I'm looking to move to "that sort of area" in 2016 and I'm not familiar with the area at all. I'm currently in another part of Scotland but for various reasons (dead horse/marriage/etc.  ) it's not working out for me.

If you are familiar with the borders area and feel you could spare a few PM's to give me the low-down on particular aspects I'd really appreciate it.


----------



## ali-bee87 (2 January 2016)

I live near Kelso and work near Selkirk and Galashiels, feel free to message me with any questions .

Loads of horsey events in the area, the Ian Stark Centre has been a good addition to those who compete, and hunting is popular in winter, and common ridings are very popular in summer.

Some endurance, vaulting etc as well, all in all a very horsey area, people in general very nice but you always get one or two oddities.

Some nice hacking as well, plenty of trails and routes to hack out on, lots of pleasure and hunt rides in the summer now as well .






WindyStacks said:



			I'm looking to move to "that sort of area" in 2016 and I'm not familiar with the area at all.
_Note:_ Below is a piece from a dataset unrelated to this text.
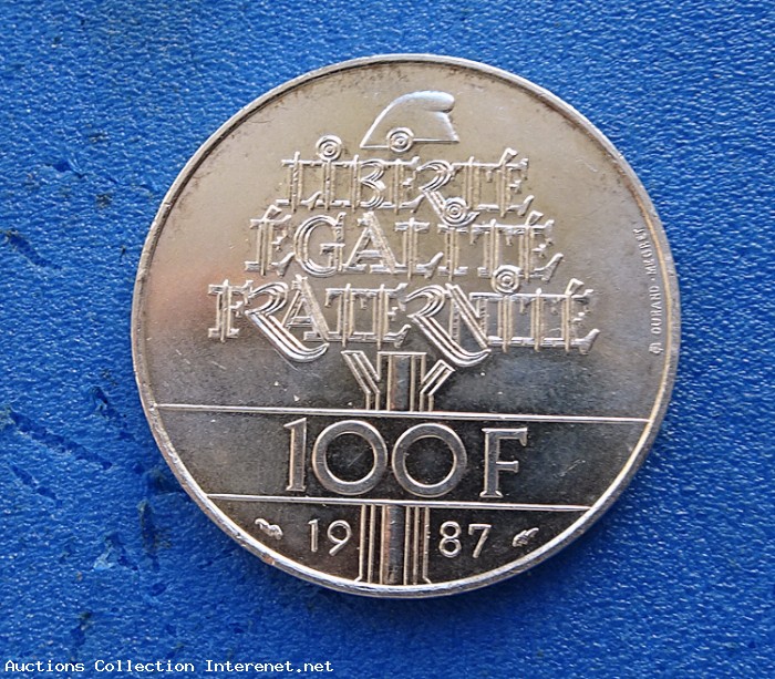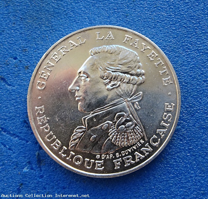 Pièce 100 Francs LIBERTÉ FRATERNITÉ ÉGALITÉ - GÉNÉRAL LAFAYETTE - Graveur : Atelier de Paris - Frappée en 1987 -31 mm - 15 g - Argent (900%)-Tranche lisse - état superbe, pièce non utilisée, non circulé.

I'm currently in another part of Scotland but for various reasons (dead horse/marriage/etc.  ) it's not working out for me.

If you are familiar with the borders area and feel you could spare a few PM's to give me the low-down on particular aspects I'd really appreciate it.
		
Click to expand...


----------



## nicnag (11 January 2016)

I am a bit further up the Borders, Peebles, Innerleithen area, I would agree with what Ali-bee87 has already said, although this side I think it is easier to access SNEC etc, although I did live in the Kelso area 20 years ago and found it much easier then to find something on almost every weekend.


----------



## WindyStacks (11 January 2016)

Thank you ladies. I PM'd ali-bee and she gave me a ton of invaluable local information.  

Sounds absolutely ideal for me - just need to bring my snorkel I gather...


----------



## nicnag (11 January 2016)

Ah well, that is the problem just now lol! look for a hilly bit!


----------